Mentre stappo il pintone la bionda cambia velocemente i bicchieri, ne verso un goccio, il liquido si sparge mussando brioso e vivace, lo assaggio e rimango deliziato. “Ottimo, ” dico,  “Questo va bene.”

“Allora è fatta!” esclama la bionda,  “Tra un attimo arriverà l’antipasto, in cucina comando io, vedrà, si leccherà le dita.”

“Chissà perché parla solo con te?” ringhia Lilli guardandola uscire.

“Non lo so, devo averla già conosciuta ma non riesco a ricordare dove.”

Riempio i bicchieri e facciamo un brindisi poi arrivano le portate ed iniziamo il pranzo.”

Al  dolce Lilli ha gli occhi lucidi e l’espressione sazia. Il cameriere nero l’attrae, ci scambia battute poi mi guarda di sottecchi sorridendo. Tra una parola e l’altra veniamo a sapere che si chiama Tommy, è di New York e lavora nel ristorante da due anni.

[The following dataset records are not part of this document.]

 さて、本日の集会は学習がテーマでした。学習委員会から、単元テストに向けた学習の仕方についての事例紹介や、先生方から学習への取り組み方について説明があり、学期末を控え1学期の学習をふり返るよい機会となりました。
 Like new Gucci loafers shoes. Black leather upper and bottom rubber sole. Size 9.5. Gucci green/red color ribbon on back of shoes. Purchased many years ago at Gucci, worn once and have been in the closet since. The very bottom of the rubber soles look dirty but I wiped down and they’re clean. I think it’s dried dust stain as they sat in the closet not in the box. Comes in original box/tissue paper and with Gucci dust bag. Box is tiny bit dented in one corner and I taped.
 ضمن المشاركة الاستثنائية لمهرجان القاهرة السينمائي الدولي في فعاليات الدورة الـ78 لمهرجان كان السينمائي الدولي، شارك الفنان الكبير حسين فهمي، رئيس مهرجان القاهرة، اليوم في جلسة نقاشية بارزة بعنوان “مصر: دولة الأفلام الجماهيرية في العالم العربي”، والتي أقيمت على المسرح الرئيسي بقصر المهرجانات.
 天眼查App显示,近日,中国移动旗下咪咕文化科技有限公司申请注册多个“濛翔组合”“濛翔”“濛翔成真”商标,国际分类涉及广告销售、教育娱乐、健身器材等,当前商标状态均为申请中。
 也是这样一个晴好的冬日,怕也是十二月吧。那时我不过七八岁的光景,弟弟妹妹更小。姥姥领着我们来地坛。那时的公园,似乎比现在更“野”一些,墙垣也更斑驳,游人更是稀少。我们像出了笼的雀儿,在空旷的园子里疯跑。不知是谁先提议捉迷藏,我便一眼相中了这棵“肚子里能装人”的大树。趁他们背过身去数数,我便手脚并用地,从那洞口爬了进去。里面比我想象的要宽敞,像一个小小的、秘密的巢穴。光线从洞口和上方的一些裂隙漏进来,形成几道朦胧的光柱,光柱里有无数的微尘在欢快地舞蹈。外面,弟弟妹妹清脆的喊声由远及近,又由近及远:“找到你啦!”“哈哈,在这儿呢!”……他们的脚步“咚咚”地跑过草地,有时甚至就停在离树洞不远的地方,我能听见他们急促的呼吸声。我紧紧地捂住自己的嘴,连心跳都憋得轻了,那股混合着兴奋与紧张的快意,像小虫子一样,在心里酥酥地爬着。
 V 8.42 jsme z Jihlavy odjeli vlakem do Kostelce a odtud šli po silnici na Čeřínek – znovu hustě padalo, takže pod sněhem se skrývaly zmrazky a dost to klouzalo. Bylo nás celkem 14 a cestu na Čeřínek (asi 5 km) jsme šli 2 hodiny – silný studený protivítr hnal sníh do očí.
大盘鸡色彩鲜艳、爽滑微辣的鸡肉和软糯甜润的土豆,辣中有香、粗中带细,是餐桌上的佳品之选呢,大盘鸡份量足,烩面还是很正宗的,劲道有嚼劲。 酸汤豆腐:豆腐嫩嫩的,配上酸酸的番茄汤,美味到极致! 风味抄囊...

Finisco il budino di amaretti e sento il piede nudo di Lilli palparmi in mezzo alle gambe.

“Che ti prende?” le chiedo.

“Prima stavo morendo, adesso mi sento che sbranerei un leone, tu piuttosto, cos’è quel muso lungo, sei forse geloso?” Beve un sorso e ride.

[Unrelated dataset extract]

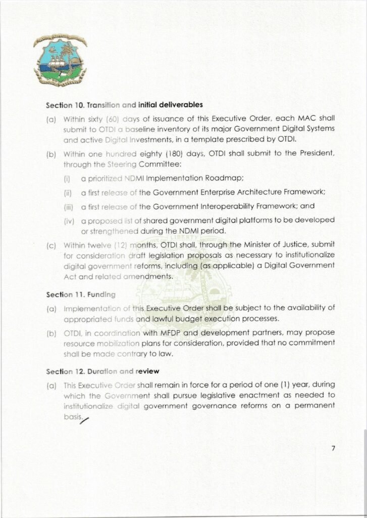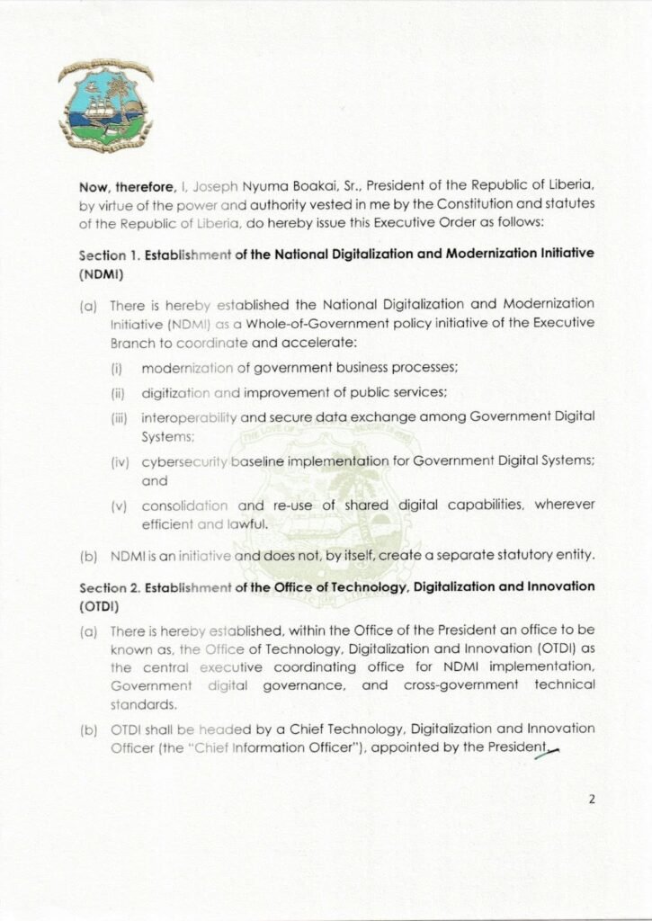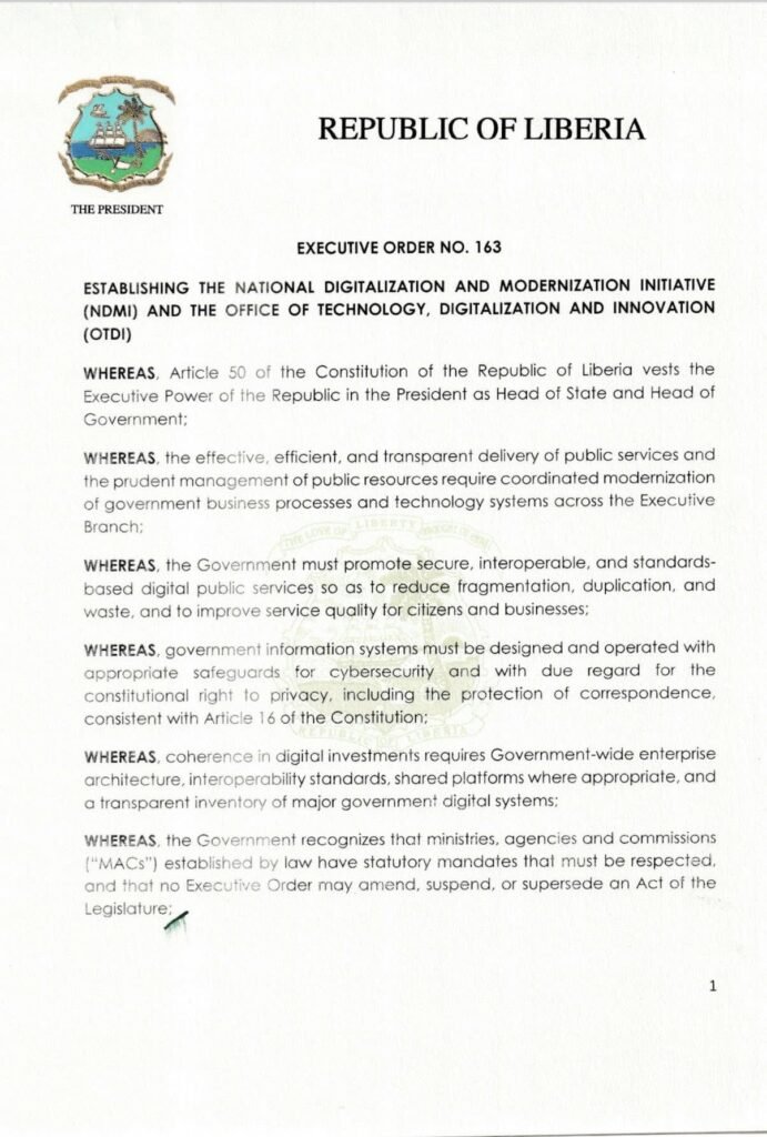 President Joseph Nyuma Boakai, Sr. has issued Executive Order No. 163, launching the National Digitalization and Modernization Initiative (NDMI) and establishing a new Office of Technology, Digitalization and Innovation (OTDI) as part of a sweeping reform aimed at modernizing Liberia’s public sector and advancing the country’s digital future.

“Sono in fase di pazienza, non hai letto il canone delle ultime righe? Ho aperto la Shell e dentro…”

Lilli continua: “Sapevo di tappo. Allora? Che cosa ti aspettavi, che cosa ti credevi?”

“Nulla, fammi digerire il me, una banalità simile, si vedono solo maiali, adesso si cambia musica, questa storia, mi sembra d’essere stato con te da una vita, che pizza.”

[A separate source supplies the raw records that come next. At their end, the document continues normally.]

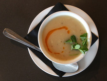 Where Eatery 1025 excels is in the art of seasonal soup making. A roasted cauliflower-and-rosemary soup ($4 cup, $6 bowl) had depth and heartiness and also a delicious house-made taro root chip for garnish. Last fall, the chilled beet-and-cucumber soup received rave reviews and a Tribune write-up.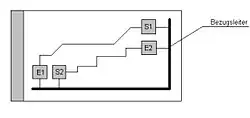 Die Bauteile auf einer Platine sind wie im nebenstehenden Bild gezeigt angeordnet. Sender und Empfänger sind über Signalleitungen miteinander verbunden. Außerdem nutzen alle Bauteile den gleichen Bezugsleiter. Die Induktivität des Bezugsleiters beträgt 260 nH. S1 schaltet einen Strom von 20 mA in 10 ns. Der daraus resultierende Spannungsabfall am Bezugsleiter berechnet sich näherungsweise zu: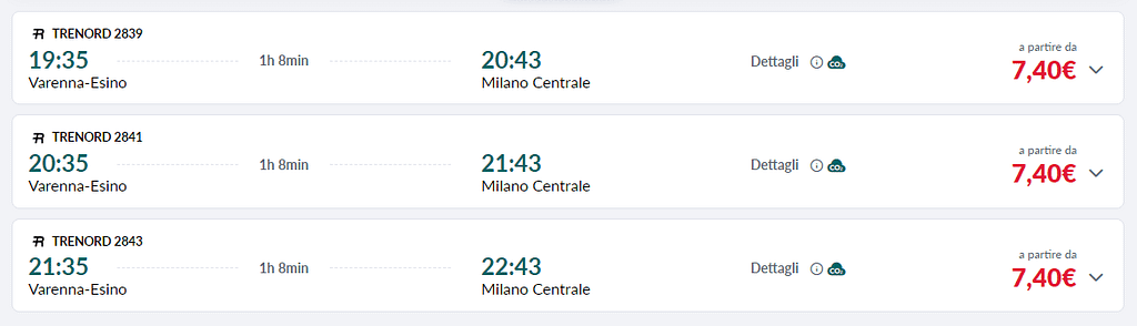Sadly, the day have passed and it is not time to head back to Milano. You will have to find a train at the Varenna-Esino station, it is a short walk from the lake. You can again buy the ticket online at Trenitalia’s website. Look for tickets from Varenna-Esino to Milano Centrale. In October 2024 the last train back to Milano is 21:35. Taking you 1 hour and 8 minutes to get back to Milano and costing 7,40€ for an adult ticket.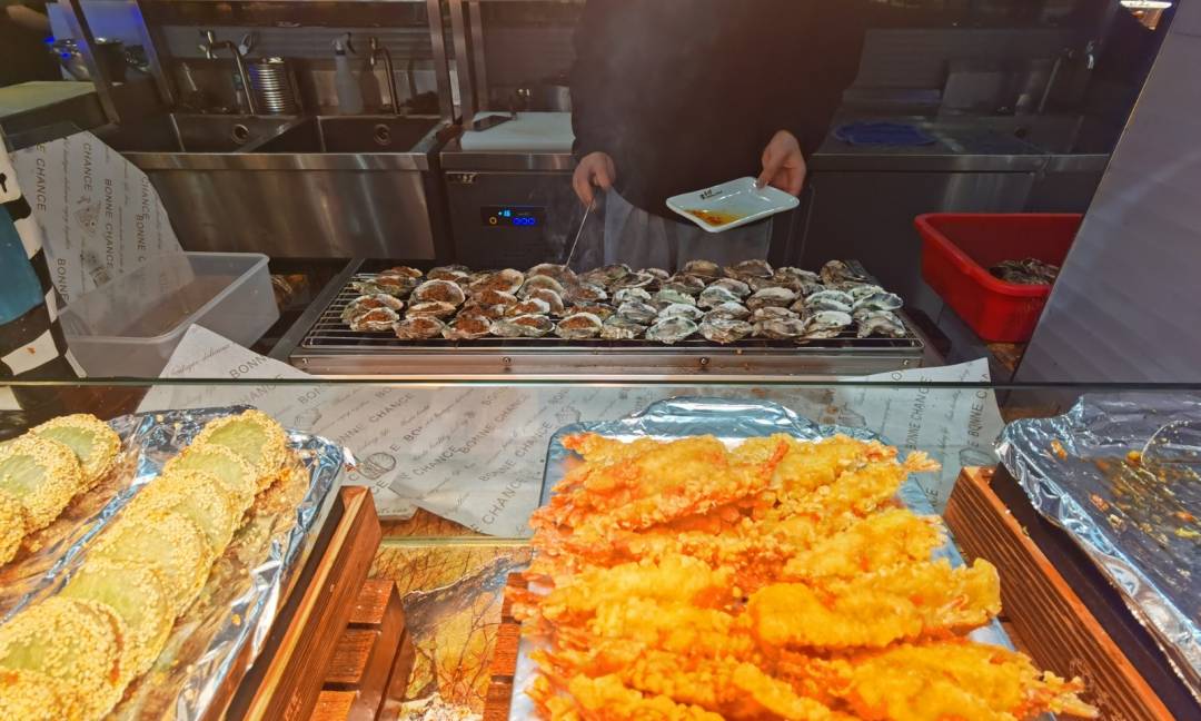 烧烤:烤生蚝,羊肉串,五花肉串,澳洲大串,牛肉串

“Siamo solo parole hai detto, di cosa ti lamenti? Forse l’autore non la penserebbe come te se mi vedesse…”

“Non ti fare illusioni, lui capisce solo la sua libertà ed il modo in cui vive è l’unica libertà possibile data la situazione, in qualsiasi altro modo starebbe peggio, non ci sono alternative tra la vetta e l’abisso.”

“Però che storia…due personaggi di un libro che parlano dell’autore mentre lui scrive, dev’essere come in un teatrino di burattini, un attore che recita più parti, mi sembra che anche Pirandello abbia fatto qualcosa del genere.”

“Può essere, i sei personaggi in cerca di autore, libri ne sono stati scritti tanti ma noi non stiamo cercando l’autore e lui nemmeno sta cercando noi, non so cosa sia, forse è solo noia… si vede una banalità disanimata, un unico comportamento riflesso su miliaia di specchi, ci vuole pazienza, dammi il tempo di ambientarmi, fuori dal bozzolo apro le ali e…” 

 

Entra la bionda effervescente seguita da Tommy che spinge un carrello con sopra una frappose colma di ghiaccio dov’è immersa una bottiglia.

Dice: “Per farmi perdonare l’incidente del vino vorrei offrirvi questo spumante. Lo produceva mio padre mescolando uve delle Langhe ad altre che faceva arrivare da Treviso, ne restano ancora poche bottiglie ma lei dimostra di intendersene di vini e sono certa che non andrà sprecata.”

La estrae, svita la protezione e poi fa saltare il tappo nella stanza. “Evviva!” strilla, mi guarda negli occhi e continua: “Lo so che non è educato ma a me le bottiglie piace farle saltare e poi…” fa il gesto di leccare la spuma che esce, si trattiene ridendo e riempie i calici che nel frattempo Tommy ha posato sul tavolo.

Lilli la guarda con aria di sfida e dice: “Una bella ragazza come lei avrà senz’altro un marito, mi piacerebbe conoscerlo.”

La bionda risponde a getto: “Marito? Fossi matta! Perché avere un marito quando se ne possono avere tutti quelli che si vuole? Le sembro forse una che si sposa solo per il piacere di far cornuto il marito? Fossi matta!”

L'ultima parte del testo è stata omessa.